*Required work*. The pictures are to be left out when the listing below is reproduced word for word.

*Supplied information*.
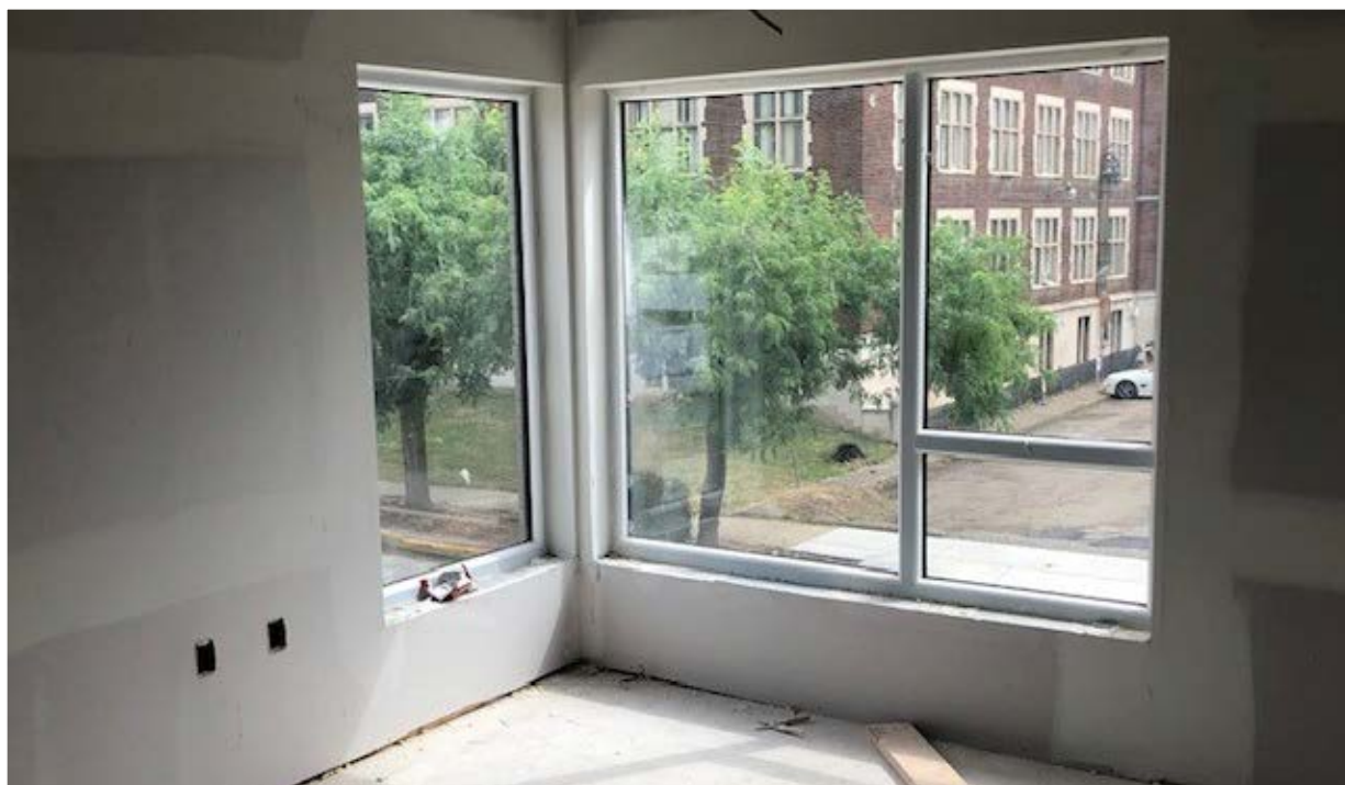
2nd Floor corner office facing 4th Avenue.
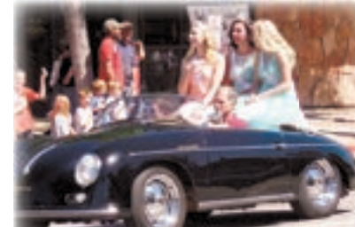
Kanab Cowboy Homecoming Royalty - Page 9
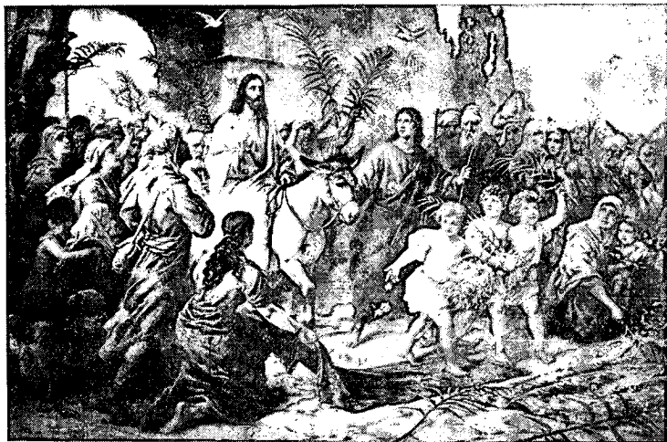
Triumphal Entry Into Jerusalem

*Solution to this exercise*.
2nd Floor corner office facing 4th Avenue.
Kanab Cowboy Homecoming Royalty - Page 9
Triumphal Entry Into Jerusalem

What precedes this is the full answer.